WHAT THE EXERCISE ASKS:
Without including any pictures, reproduce all the lines below word for word.

DATASET EXTRACT:
======
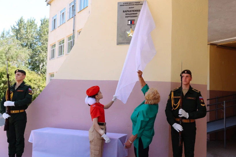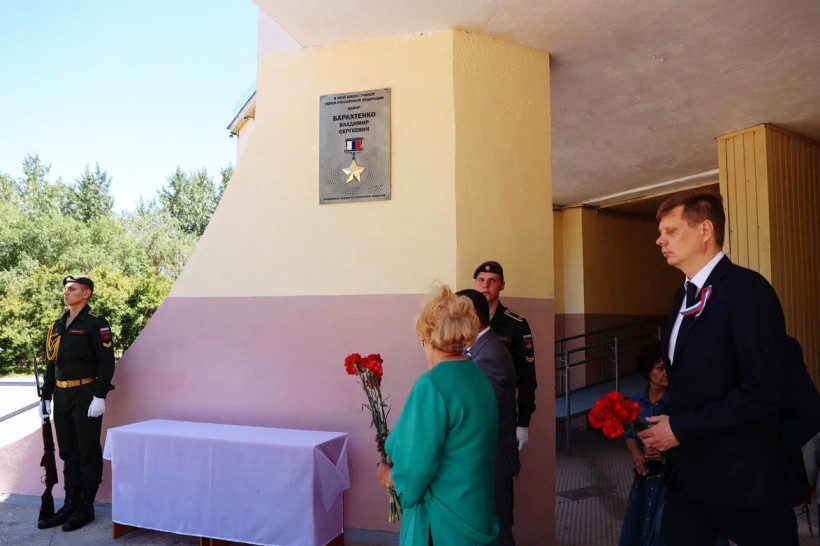 Мемориальную доску в честь участника спецоперации майора Владимира Барахтенко торжественно открыли в День России в благовещенской школе № 26. Звание Героя России выпускник этой школы получил посмертно. Он погиб во время выполнения очередного задания на Украине 7 ноября 2022 года. Эта мемориальная доска в городе уже шестая по счету.
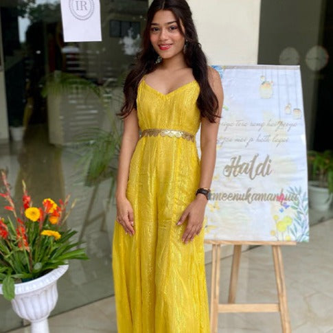 Get ready to be the centre of attention with our stunning Yellow Lurex Jumpsuit. This piece is the perfect mix of fun and glam, with its shimmering fabric and gold sequin details that add a touch of sparkle to your look. The strappy sleeves not only keep you cool but also add a touch of elegance to this already chic outfit. The gold sequin details at the waistline give you an enviable hourglass silhouette that will have you feeling like a Hollywood starlet. So, whether you're heading to a fancy dinner or a night out with the girls, this jumpsuit will have you feeling confident, sassy, and absolutely fabulous.
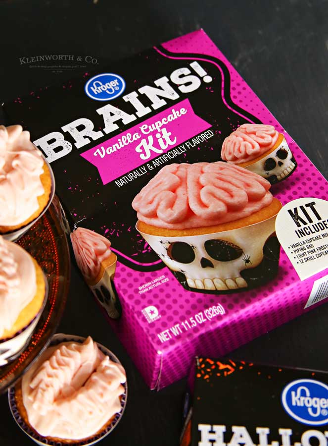While I was picking up sprinkles and cupcake wrappers and fun monster eyes, I found these super cool Halloween Sugar Cookie Kits and Brains! Vanilla Cupcake Kits from Kroger Brand.
======
WRITTEN ANSWER:
 Мемориальную доску в честь участника спецоперации майора Владимира Барахтенко торжественно открыли в День России в благовещенской школе № 26. Звание Героя России выпускник этой школы получил посмертно. Он погиб во время выполнения очередного задания на Украине 7 ноября 2022 года. Эта мемориальная доска в городе уже шестая по счету.
 Get ready to be the centre of attention with our stunning Yellow Lurex Jumpsuit. This piece is the perfect mix of fun and glam, with its shimmering fabric and gold sequin details that add a touch of sparkle to your look. The strappy sleeves not only keep you cool but also add a touch of elegance to this already chic outfit. The gold sequin details at the waistline give you an enviable hourglass silhouette that will have you feeling like a Hollywood starlet. So, whether you're heading to a fancy dinner or a night out with the girls, this jumpsuit will have you feeling confident, sassy, and absolutely fabulous.
While I was picking up sprinkles and cupcake wrappers and fun monster eyes, I found these super cool Halloween Sugar Cookie Kits and Brains! Vanilla Cupcake Kits from Kroger Brand.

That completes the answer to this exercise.